Exercise directions: With the pictures left out, print exactly the lines below that run from the one containing "Características: - Confeccionado" through the one containing "the first result".

Supplied material:

---

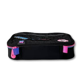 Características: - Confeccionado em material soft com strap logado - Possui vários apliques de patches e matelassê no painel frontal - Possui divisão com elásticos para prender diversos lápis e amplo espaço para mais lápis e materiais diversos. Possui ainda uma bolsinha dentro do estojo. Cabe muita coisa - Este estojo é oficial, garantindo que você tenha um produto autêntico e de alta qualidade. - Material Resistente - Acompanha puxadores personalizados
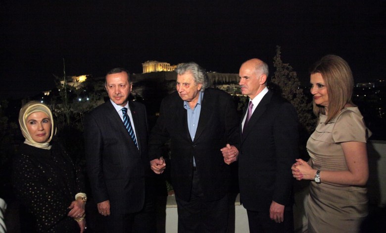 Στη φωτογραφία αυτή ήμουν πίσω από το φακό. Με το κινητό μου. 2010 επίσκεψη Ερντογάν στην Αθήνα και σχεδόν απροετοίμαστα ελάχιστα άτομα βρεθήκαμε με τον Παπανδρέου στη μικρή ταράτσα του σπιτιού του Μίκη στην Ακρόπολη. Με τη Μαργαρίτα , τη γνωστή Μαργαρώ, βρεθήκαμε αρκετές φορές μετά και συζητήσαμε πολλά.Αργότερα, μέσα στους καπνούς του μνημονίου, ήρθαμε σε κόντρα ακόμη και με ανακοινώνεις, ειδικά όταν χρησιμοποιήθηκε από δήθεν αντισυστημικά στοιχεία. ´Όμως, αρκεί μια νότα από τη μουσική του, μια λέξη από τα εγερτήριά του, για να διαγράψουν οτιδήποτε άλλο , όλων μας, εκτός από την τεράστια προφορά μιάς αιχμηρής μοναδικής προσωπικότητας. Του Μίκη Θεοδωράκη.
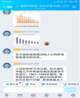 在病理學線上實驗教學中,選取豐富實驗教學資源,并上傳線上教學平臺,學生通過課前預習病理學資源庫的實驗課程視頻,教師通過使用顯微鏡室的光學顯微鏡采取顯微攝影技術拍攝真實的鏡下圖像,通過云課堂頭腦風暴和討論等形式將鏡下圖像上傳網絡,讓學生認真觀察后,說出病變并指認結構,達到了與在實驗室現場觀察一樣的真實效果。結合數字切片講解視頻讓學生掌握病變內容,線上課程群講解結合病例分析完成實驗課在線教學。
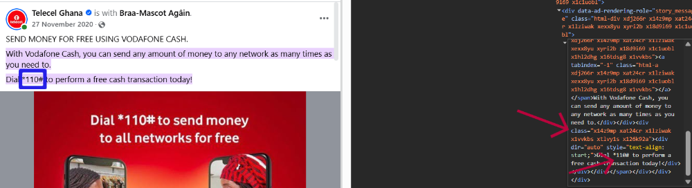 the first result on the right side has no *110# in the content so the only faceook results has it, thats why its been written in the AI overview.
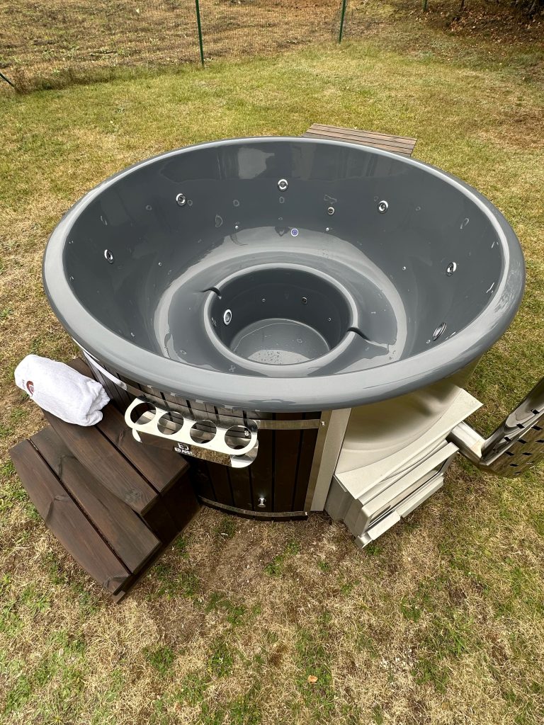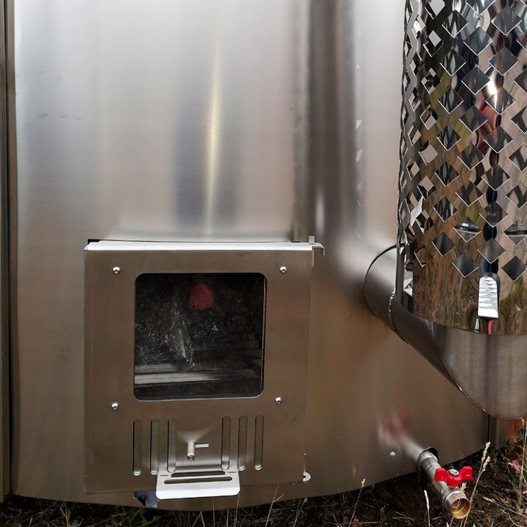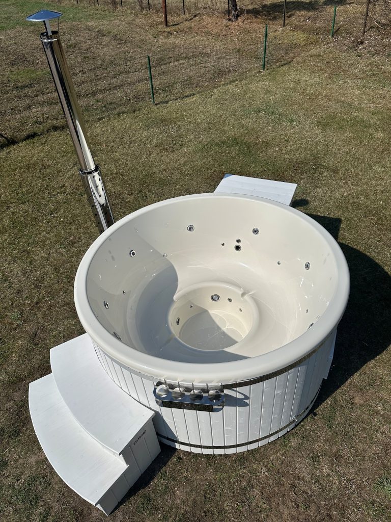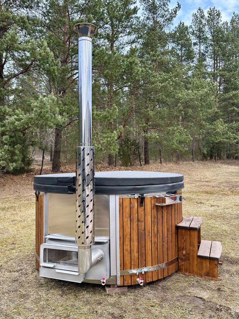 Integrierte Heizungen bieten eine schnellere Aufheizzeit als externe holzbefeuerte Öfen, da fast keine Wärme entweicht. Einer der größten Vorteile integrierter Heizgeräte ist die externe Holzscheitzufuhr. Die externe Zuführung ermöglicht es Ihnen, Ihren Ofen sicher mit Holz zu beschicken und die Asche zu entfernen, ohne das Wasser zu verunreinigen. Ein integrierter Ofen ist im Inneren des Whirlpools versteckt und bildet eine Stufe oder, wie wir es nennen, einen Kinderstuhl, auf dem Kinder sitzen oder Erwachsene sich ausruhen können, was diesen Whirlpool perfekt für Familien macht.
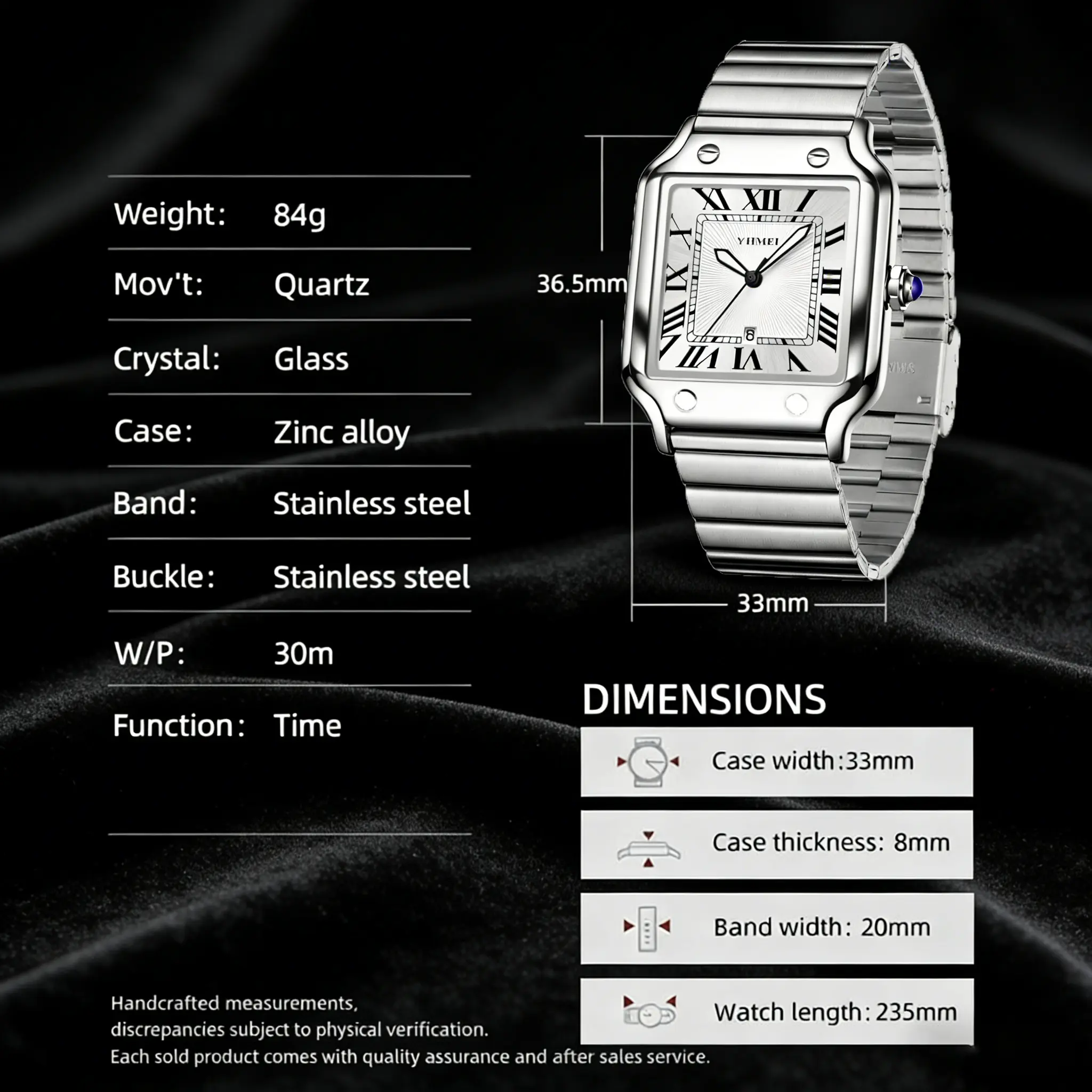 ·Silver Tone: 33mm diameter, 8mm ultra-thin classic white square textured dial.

---

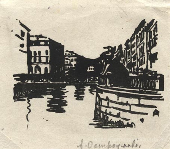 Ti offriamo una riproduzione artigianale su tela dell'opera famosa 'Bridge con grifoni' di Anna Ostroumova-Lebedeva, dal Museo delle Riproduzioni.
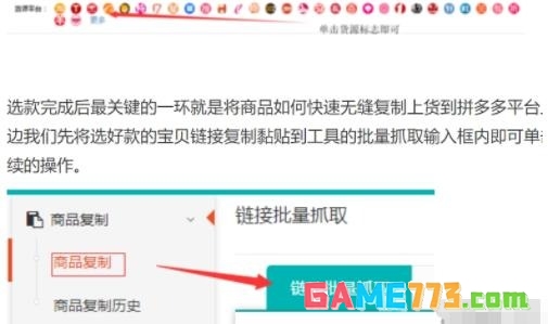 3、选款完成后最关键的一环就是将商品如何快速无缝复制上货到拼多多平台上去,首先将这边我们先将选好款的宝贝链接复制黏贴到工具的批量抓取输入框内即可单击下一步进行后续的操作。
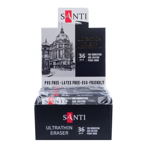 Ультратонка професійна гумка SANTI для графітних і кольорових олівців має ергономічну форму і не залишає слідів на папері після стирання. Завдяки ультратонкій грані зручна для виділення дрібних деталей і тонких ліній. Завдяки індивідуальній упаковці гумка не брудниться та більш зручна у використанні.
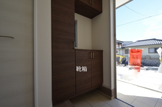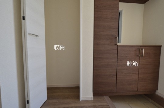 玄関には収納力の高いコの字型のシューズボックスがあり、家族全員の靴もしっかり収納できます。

---

Written solution:
 Características: - Confeccionado em material soft com strap logado - Possui vários apliques de patches e matelassê no painel frontal - Possui divisão com elásticos para prender diversos lápis e amplo espaço para mais lápis e materiais diversos. Possui ainda uma bolsinha dentro do estojo. Cabe muita coisa - Este estojo é oficial, garantindo que você tenha um produto autêntico e de alta qualidade. - Material Resistente - Acompanha puxadores personalizados
 Στη φωτογραφία αυτή ήμουν πίσω από το φακό. Με το κινητό μου. 2010 επίσκεψη Ερντογάν στην Αθήνα και σχεδόν απροετοίμαστα ελάχιστα άτομα βρεθήκαμε με τον Παπανδρέου στη μικρή ταράτσα του σπιτιού του Μίκη στην Ακρόπολη. Με τη Μαργαρίτα , τη γνωστή Μαργαρώ, βρεθήκαμε αρκετές φορές μετά και συζητήσαμε πολλά.Αργότερα, μέσα στους καπνούς του μνημονίου, ήρθαμε σε κόντρα ακόμη και με ανακοινώνεις, ειδικά όταν χρησιμοποιήθηκε από δήθεν αντισυστημικά στοιχεία. ´Όμως, αρκεί μια νότα από τη μουσική του, μια λέξη από τα εγερτήριά του, για να διαγράψουν οτιδήποτε άλλο , όλων μας, εκτός από την τεράστια προφορά μιάς αιχμηρής μοναδικής προσωπικότητας. Του Μίκη Θεοδωράκη.
 在病理學線上實驗教學中,選取豐富實驗教學資源,并上傳線上教學平臺,學生通過課前預習病理學資源庫的實驗課程視頻,教師通過使用顯微鏡室的光學顯微鏡采取顯微攝影技術拍攝真實的鏡下圖像,通過云課堂頭腦風暴和討論等形式將鏡下圖像上傳網絡,讓學生認真觀察后,說出病變并指認結構,達到了與在實驗室現場觀察一樣的真實效果。結合數字切片講解視頻讓學生掌握病變內容,線上課程群講解結合病例分析完成實驗課在線教學。
 the first result on the right side has no *110# in the content so the only faceook results has it, thats why its been written in the AI overview.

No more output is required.